> _YOUR TASK_: Given the entries below, would you transcribe exactly the lines starting at the one with "そして最後に、紙飛行機大会!" and ending at the one with "Pudra renkli, pileli", both kept, pictures omitted, nothing extra?

> _EXCERPTED DATA_:
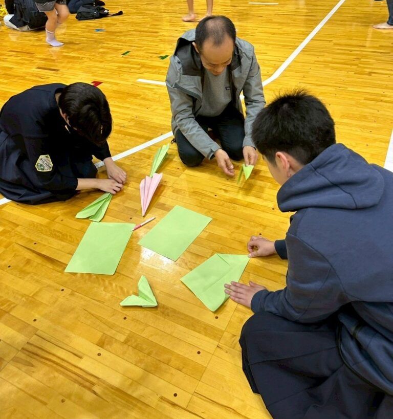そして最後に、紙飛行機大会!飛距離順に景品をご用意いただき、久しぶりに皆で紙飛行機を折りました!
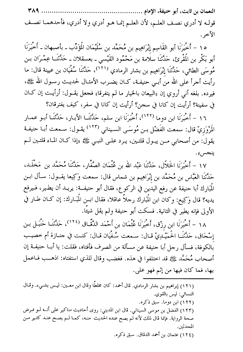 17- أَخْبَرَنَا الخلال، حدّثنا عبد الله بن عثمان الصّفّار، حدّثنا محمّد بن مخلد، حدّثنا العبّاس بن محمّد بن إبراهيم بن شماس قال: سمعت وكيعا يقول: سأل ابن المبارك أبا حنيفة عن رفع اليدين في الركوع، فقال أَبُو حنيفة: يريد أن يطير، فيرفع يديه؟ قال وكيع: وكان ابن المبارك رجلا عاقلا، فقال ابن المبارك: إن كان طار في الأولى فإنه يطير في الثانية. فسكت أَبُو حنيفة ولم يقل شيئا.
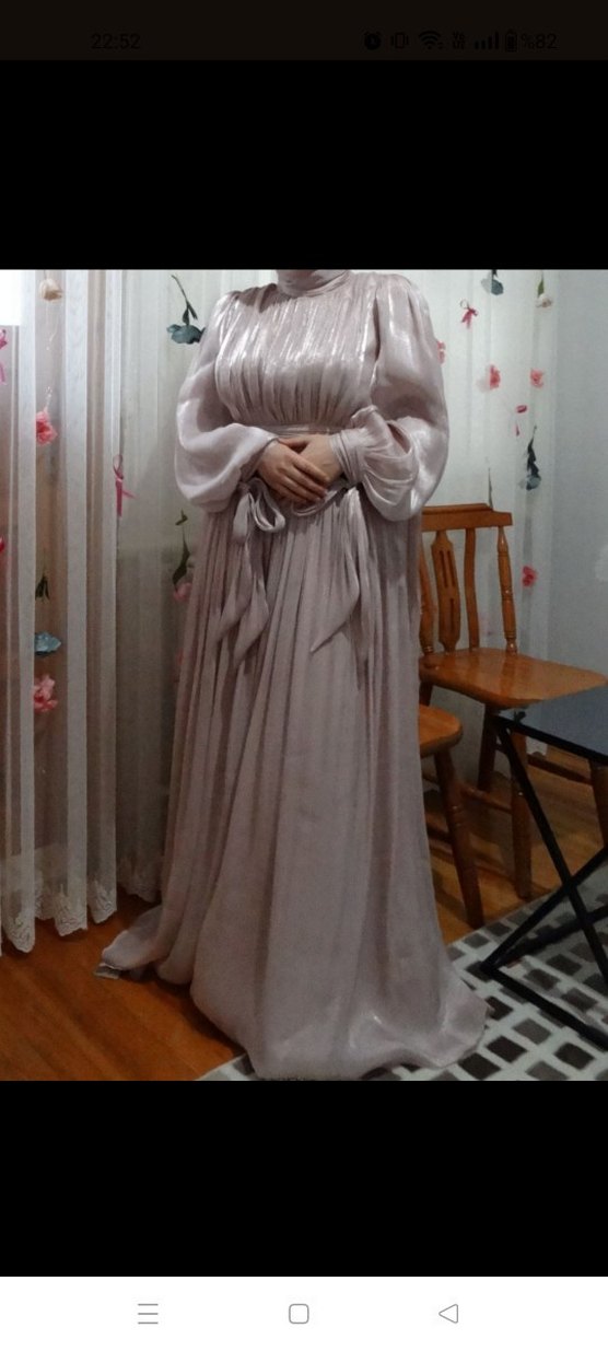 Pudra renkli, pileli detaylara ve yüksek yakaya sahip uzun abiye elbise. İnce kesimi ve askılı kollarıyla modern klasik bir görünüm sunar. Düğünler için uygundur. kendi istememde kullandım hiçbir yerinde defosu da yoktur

--

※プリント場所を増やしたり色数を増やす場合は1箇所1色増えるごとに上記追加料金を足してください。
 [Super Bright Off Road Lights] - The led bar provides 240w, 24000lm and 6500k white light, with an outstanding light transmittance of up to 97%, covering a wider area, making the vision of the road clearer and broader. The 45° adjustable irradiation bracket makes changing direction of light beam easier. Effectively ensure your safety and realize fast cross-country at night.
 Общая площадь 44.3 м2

---

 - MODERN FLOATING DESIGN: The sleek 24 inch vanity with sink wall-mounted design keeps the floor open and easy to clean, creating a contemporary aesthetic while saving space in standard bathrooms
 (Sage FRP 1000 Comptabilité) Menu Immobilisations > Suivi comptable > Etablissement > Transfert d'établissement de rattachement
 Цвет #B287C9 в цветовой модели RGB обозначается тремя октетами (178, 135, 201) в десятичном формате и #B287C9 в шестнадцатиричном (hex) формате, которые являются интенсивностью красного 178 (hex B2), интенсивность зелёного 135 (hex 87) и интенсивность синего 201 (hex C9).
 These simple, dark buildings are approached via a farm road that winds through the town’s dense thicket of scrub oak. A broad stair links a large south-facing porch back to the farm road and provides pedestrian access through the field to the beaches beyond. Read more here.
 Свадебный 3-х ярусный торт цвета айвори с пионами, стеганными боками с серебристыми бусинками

> _SOLUTION TO THIS TASK_:
そして最後に、紙飛行機大会!飛距離順に景品をご用意いただき、久しぶりに皆で紙飛行機を折りました!
 17- أَخْبَرَنَا الخلال، حدّثنا عبد الله بن عثمان الصّفّار، حدّثنا محمّد بن مخلد، حدّثنا العبّاس بن محمّد بن إبراهيم بن شماس قال: سمعت وكيعا يقول: سأل ابن المبارك أبا حنيفة عن رفع اليدين في الركوع، فقال أَبُو حنيفة: يريد أن يطير، فيرفع يديه؟ قال وكيع: وكان ابن المبارك رجلا عاقلا، فقال ابن المبارك: إن كان طار في الأولى فإنه يطير في الثانية. فسكت أَبُو حنيفة ولم يقل شيئا.
 Pudra renkli, pileli detaylara ve yüksek yakaya sahip uzun abiye elbise. İnce kesimi ve askılı kollarıyla modern klasik bir görünüm sunar. Düğünler için uygundur. kendi istememde kullandım hiçbir yerinde defosu da yoktur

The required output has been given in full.